20g of the crude product prepared in the example 1, 20g of ethanol and 20g of ethyl acetate are heated to 45 ℃ to be dissolved and transparent, 2g of activated carbon is added, the mixture is stirred for 20 minutes, and the filtrate is collected after suction filtration. Cooling the filtrate to 10 ℃ for crystallization for 5 hours, controlling the stirring speed to 25r/min, performing suction filtration, putting the filter cake into an oven, controlling the temperature to be 20 ℃ and the vacuum pressure to be-0.09 MPa, and drying for 10 hours to obtain a finished product of esmolol hydrochloride, namely 16.5g, wherein the yield is 82.5%. Purity 99.74% by HPLC, single unknown impurity less than 0.05%, other known impurities meeting USP requirements.

Example 4

20g of the crude product prepared in example 1, 20g of acetonitrile and 40g of ethyl acetate are heated to 50 ℃ to be dissolved and transparent, 1.5g of activated carbon is added, the mixture is stirred for 30 minutes, and the filtrate is collected after suction filtration. Cooling the filtrate to 15 ℃ for crystallization for 6 hours, controlling the stirring speed to be 20 r/min, performing suction filtration, putting the filter cake into an oven, controlling the temperature to be 20 ℃ and the vacuum pressure to be-0.09 MPa, and drying for 12 hours to obtain 14.8g of the finished product of esmolol hydrochloride with the yield of 74.0%. Purity by HPLC was 99.73%, single unknown impurity was less than 0.05%, other known impurities met USP requirements.
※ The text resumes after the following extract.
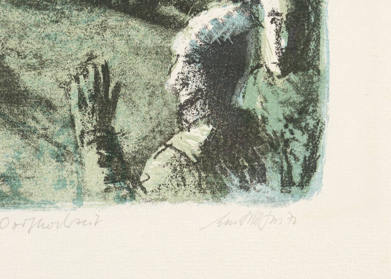 1977. Farblithografie / Kreidelithografie, in 3 Farben, auf hellchamois Weißenborn. – Originale Künstlergrafik, von Joachim Lautenschläger. – Auflage Exemplar Nr. 60/150. – 27,7 x 21,2 cm (Darstellung / Druckbild), 39 x 27 cm (Blatt).

The embodiments of the present invention have been described in detail with reference to the accompanying drawings, but the present invention is not limited to the above embodiments, and various modifications can be made within the knowledge of those skilled in the art without departing from the gist of the present invention. These are non-inventive modifications, which are intended to be protected by patent laws within the scope of the claims appended hereto.